August 13, 2014 View entire issue of ANO         Close 

Report: Banks Making Fewer Loans Due to New Mortgage Rules
The Federal Reserve Board released a survey Aug. 4 in which it reported that some banks are making fewer loans because of new qualified mortgage rules enacted by the Consumer Financial Protection Bureau in January, National Mortgage News reported. 

The Fed releases a mortgage loan survey every three months and polls both large U.S. banks and foreign banks.

The change in loan approval rates mostly was reported by mid-size and smaller banks, with a significant number reporting a negative impact on approvals for prime conforming mortgages. Only 19 percent of large banks surveyed said the new rules were impacting their approval rates, National Mortgage News reported.

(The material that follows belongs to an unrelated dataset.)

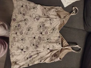 Camiseta de tirantes con un bonito estampado floral. - Diseño con flores en tonos beige y morado. - Detalle de encaje en la parte superior. - Tirantes finos. Hace buen escote para las que tenemos pecho. No marca barriga ya que hace volante la parte de abajo. Es genial si es tu estilo.

FICO scores of borrowers did not impact those results.

When principal balances were higher than conforming loan limits, 44 percent of banks indicated approval rates dropped regardless of FICO scores.

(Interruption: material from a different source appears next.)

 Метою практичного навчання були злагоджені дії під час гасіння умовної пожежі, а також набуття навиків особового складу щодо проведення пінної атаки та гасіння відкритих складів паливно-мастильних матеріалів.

“Among those banks that reported the rule had no effect on their approval rates, roughly half said that lending policies would have been tighter without the safe harbor for mortgages that pass the (government-sponsored enterprises) automated underwriting models,” the Fed survey noted, National Mortgage News reported.

Under new CFPB guidelines, mortgages have to meet certain criteria in order to gain status as “qualified” mortgages. However, loans purchased by Fannie Mae or Freddie Mac automatically gain exception to qualify for the rule. Nevertheless banks are trying to make conforming loans because they offer better legal protections.

According to National Mortgage News, seven banks said approval rates would be lower for nontraditional loans due to the new rules.

Half of the surveyed banks noted they have reduced approval rates on jumbo mortgage applications, citing a 43 percent cap on debt-to-income ratios as part of the reason.

Six of the nation’s eight large banks surveyed indicated documenting and evaluating borrowers’ credit histories, as well as assets and debt as somewhat, very or most important factors in the decrease in approval rates. Even more pointed to borrowers’ current and expected income as factors.